■ Assignment
Restate, word for word and with no pictures, the stretch of lines in the data below that begins at the line with "Polaris Market Research, a" and ends at the line with "Каталог запасных частей", inclusive.

■ Material for the task
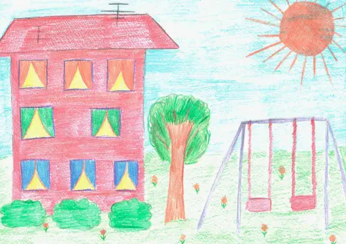 Я живу в большом красивом дворе. Тут много деревьев, бабушки сажают цветы около дома. Еще у нас есть дворник. Все соседи здороваются и угощают друг друга конфетами. У нас большой дружный двор.
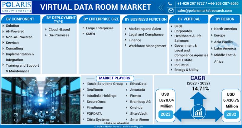 Polaris Market Research, a global market research and consulting company, has recently published a research study titled Virtual Data Room Market: By Size, Trends, Share, Growth, Segments, Industry Analysis and Forecast, 2032. The research report offers an in-depth analysis of the industry, covering all the major aspects, such as Virtual Data Room Market share, regions, and key segments. It describes the overall market size by analyzing historical data and future forecasts. The study has been meticulously prepared by skilled experts dedicated to achieving remarkable growth in the industry.
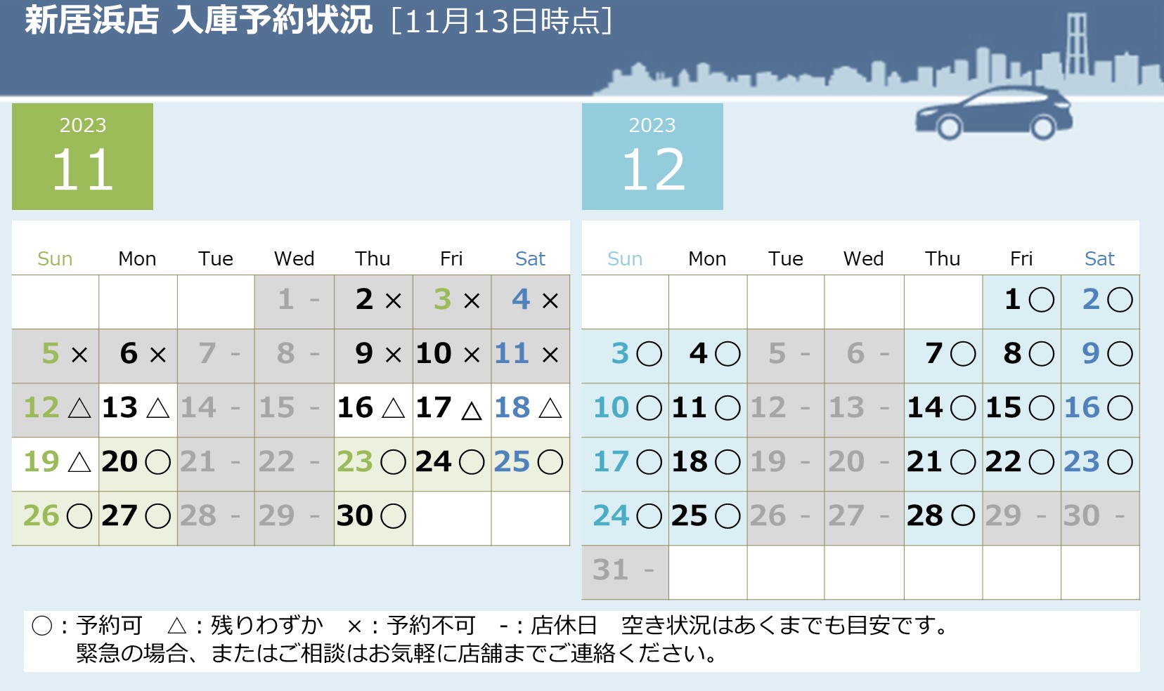 ★☆★11/13現在の入庫予約状況★☆★
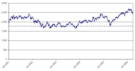 1,775.4646, which is equal to 70.00% of the initial index value of the Russell 2000® Index
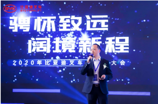 接下来,由比亚迪叉车总经理毕国忠先生致辞,毕总首先对在座嘉宾的莅临表示感谢,并指出2020年受疫情影响,对诸多行业来讲都是较为艰难的一年,但比亚迪叉车在此种市场环境下,依然实现了逆势增长,面对汹涌的浪潮和百变的形态,我们依然坚守于产品本身的价值。
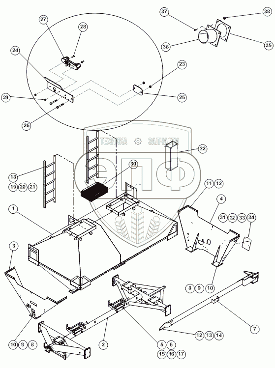 Каталог запасных частей к технике: Amity-2800 (3350). ASSY-TANK/RUNNING GEAR
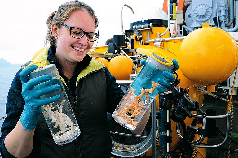 Zusätzlich untersucht sie Korallen regelmäßig in ihrer natürlichen Umgebung. Erst im Juli stattete sie den Riffen Sula, Nord-Leksa, Hola und Steinavaer in Norwegen mit dem Forschungsschiff POSEIDON und dem Tauchboot JAGO Besuche ab. Dort prüfte sie den Zustand der Korallen, maß ihren Sauerstoffverbrauch und verglich verschiedene Parameter mit den Erkenntnissen aus dem Labor in Kiel. Einige Korallen kamen auch wieder mit ans GEOMAR. Hier sollen weitere Eigenschaften wie Reproduktion, Genetik oder Isotopie untersucht werden. „Insgesamt deuten unsere bisherigen Ergebnisse darauf hin, dass die Kaltwasserkorallen besser mit dem Klimawandel zurechtkommen könnten als erwartet", fasst Büscher zusammen. Das gilt allerdings nur für lebende Korallen. Die unteren Schichten der Riffe bestehen natürlicherweise aus den Skeletten abgestorbener Korallen. Diese können sich nicht mehr anpassen, ihr Kalkskelett löst sich bei zunehmender Versauerung auf. „Dann könnte im schlimmsten Fall das ganze Riff zusammenbrechen", erklärt Büscher. Und auch die lebenden Korallen kostet die Anpassung viel Kraft, die dann möglicherweise für andere Aufgaben wie Fortpflanzung fehlt. Auch bei Kaltwasserkorallen gilt daher: Entwarnung ist nicht in Sicht.

■ Final answer
 Polaris Market Research, a global market research and consulting company, has recently published a research study titled Virtual Data Room Market: By Size, Trends, Share, Growth, Segments, Industry Analysis and Forecast, 2032. The research report offers an in-depth analysis of the industry, covering all the major aspects, such as Virtual Data Room Market share, regions, and key segments. It describes the overall market size by analyzing historical data and future forecasts. The study has been meticulously prepared by skilled experts dedicated to achieving remarkable growth in the industry.
 ★☆★11/13現在の入庫予約状況★☆★
 1,775.4646, which is equal to 70.00% of the initial index value of the Russell 2000® Index
 接下来,由比亚迪叉车总经理毕国忠先生致辞,毕总首先对在座嘉宾的莅临表示感谢,并指出2020年受疫情影响,对诸多行业来讲都是较为艰难的一年,但比亚迪叉车在此种市场环境下,依然实现了逆势增长,面对汹涌的浪潮和百变的形态,我们依然坚守于产品本身的价值。
 Каталог запасных частей к технике: Amity-2800 (3350). ASSY-TANK/RUNNING GEAR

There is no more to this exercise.